According to Tim Berners-Lee, the Web will evolve toward the semantic Web: "To date, the Web has developed most rapidly as a medium of documents for people rather than of information that can be manipulated automatically. By augmenting Web pages with data targeted at computers and by adding documents solely for computers, we will transform the Web into the semantic Web.
Computers will find the meaning of semantic data by following hyperlinks to definitions of key terms and rules for reasoning about them logically. The resulting infrastructure will spur the development of automated Web services such as highly functional agents." [2]
But, what if not enough people represent machine processable information at all, or not richly enough, or not in numbers sufficient, to make these services viable?
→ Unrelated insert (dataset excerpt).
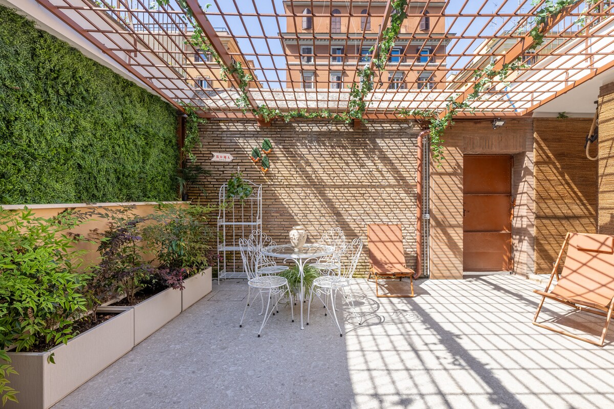 This modern apartment, located in the heart of Rome at the foot of the Aventine Hill in the Testaccio district, features a spacious garden with plants and marble sculptures from the Roman period. It is a newly built property, fully furnished with all modern amenities, perfect for those seeking a peaceful and beautiful spot, while still being close to the city's main attractions.

The "information" that appears to be the bottleneck for the adoption of the semantic Web is not data; it is not "7" or "cat." It is the rules and meanings about data defined precisely enough so that machines, not slow, error-prone humans, can correctly interpret and quickly process that data; it is information like "sabbaticals occur every 7 years," or "cats and dogs are mammals." For the semantic Web, ontologies from the AI field are envisaged to codify this information [2].
Therefore, the future of the semantic Web is linked with the future of ontologies on the semantic Web. In order to predict the future of these ontologies, why not look at the history of something similar. As opposed to models to codify information on the Web, what about going far back and examining models that codified information on paper? The aim of this article is to examine the evolution of paper-based systems, explain it using a conceptual model of system evolution, apply the model to Web-based systems analogous to paper-based systems, and finally project what happened with paper-based systems to make predictions about how ontologies will evolve, if at all, to make Berners-Lee's vision of the semantic Web viable.
In simple paper (such as memos) and HTML use, the author is responsible for authoring, and the reader, interpretation and processing. Paper dissemination requires a mechanically enabled physical infrastructure symbolized by the printing press; HTML dissemination requires an electronically enabled virtual infrastructure symbolized by the Internet.
However information is disseminated, the human mind's processing capacity is small relative to the size of the problems requiring processing for an objective solution. Simon [9] calls this bounded rationality. Fox [5] states that bounded rationality compels humans or processors to seek techniques to reduce complexity in information, task, and coordination. His model of evolution of organizational structures to reduce complexity can be applied to explain the evolution of paper-based information manipulation.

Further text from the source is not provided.